溜池ゴロー氏 息子に「18歳までAV観るな14歳まで調べるな」

2月20日(木)16時0分 NEWSポストセブン

「職業に貴賎なし」とはいうものの、性にまつわる仕事に対する世間の目は冷たい。AV男優として生きる男たちは、自分の生業にどう向き合い、息子や娘たちにそれをどう伝えているのだろうか?


 つい先だってのこと──溜池ゴロー監督は、10歳になる息子から質問を受けた。「父さんの仕事はなに?」。さらに息子はつづけた。「それから、AVって?」。とうとうこの日が来たか。溜池監督は感慨無量だった。


 溜池さんは、エロい美熟女を撮らせたら日本一といわれるAV監督。かつては、素人の人妻と自ら交わるハメ撮りもこなしていた。夫人の川奈まり子さんは、美熟女AV女優の元祖で、現在は数多くの官能小説を手掛けている作家だ。息子の素朴で無邪気な問いかけに、溜池監督は表情を改めた。


「お父さんの仕事はAV監督だ。ただし、AVってのは、まだお前は観ちゃいけない。18歳になるまで待たなきゃいけないんだ」

「……エッチなやつ?」


 溜池監督は、「そうだ」とうなずく。息子は、じっと父の顔を見つめている。監督は眼をそらさずにいった。


「お前が14歳になったら、父さんの仕事のことだけじゃなく、お母さんのこともすべて話す。だから、お前もそれまでは、AVのことを調べたりするな。いいか、男同士の約束だぞ!」  


 溜池・川奈夫妻にとって、息子はひと粒種。監督が40歳、夫人37歳の時の子だ。溜池監督はいう。


「妊娠がわかった時から、いつかはAVについて尋ねられると覚悟をしていました。いわば、この日のために僕らの子育てがあったといってもいいでしょうね」


 溜池監督と川奈さんの出会いは1999年。世に美熟女AVブームを巻き起こした、大ヒット作『義母〜まり子34歳〜』がきっかけだった。この作品で2人は恋に落ちる。

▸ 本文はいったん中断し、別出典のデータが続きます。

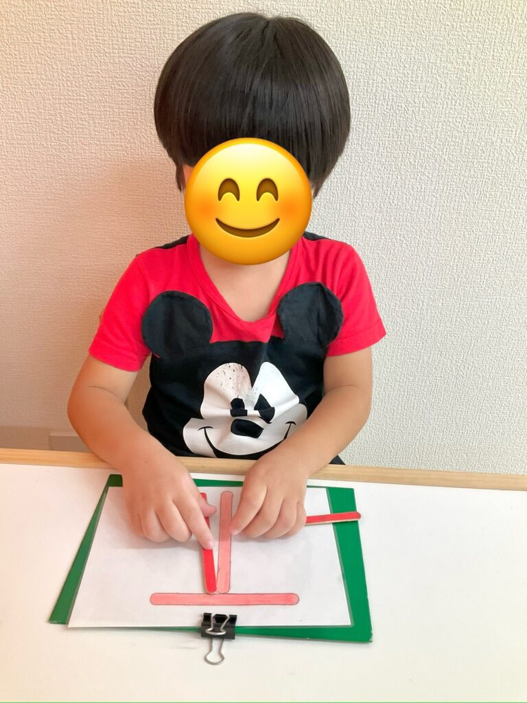 ものの模倣・・★棒模倣 見本を見ながら、時には見本の上に重ねながら同じ形を作ります。

「AVに対する世間の眼がどういうものかを、僕ら夫婦は痛感して生きてきました。だけど、僕らはそんなAVこそが、人間の本当の姿を描くものだと自信と誇りをもっているんです」  


 溜池・川奈夫妻の子育ては、各々のブログやフェイスブックで公開されている。夏は南の孤島でキャンプ、冬には雪原へ。演劇やコンサート、博物館……両親が愛情たっぷりに息子を育てている様子が伝わってくる。


「僕は出産に立ち会いました。息子が誕生した瞬間に、オレは一生をかけて、全身全霊でこいつを守り抜くぞと決意したんです」


 小学校選びでも溜池さんは用意周到だった。


「在校生の態度や通学の様子はもちろん、校長先生の朝礼の内容、親御さんたちの職業や雰囲気まで僕が調査しました」


 這えば立て、立てば歩めの親心。これは溜池夫妻とて、世の親たちと同じ。ただ、「AV監督とAV女優の子」を告知する時は、成長につれ刻々と近づいてくる。


「子どもが大きくなってくると、なんとなく察している雰囲気はありますね。ウチは、母親のヌードが表紙の官能小説が家にあったりするんで、子どもなりに状況を把握していたはずです」


 溜池監督にとっての救いは、息子があっけらかんとしていることだ。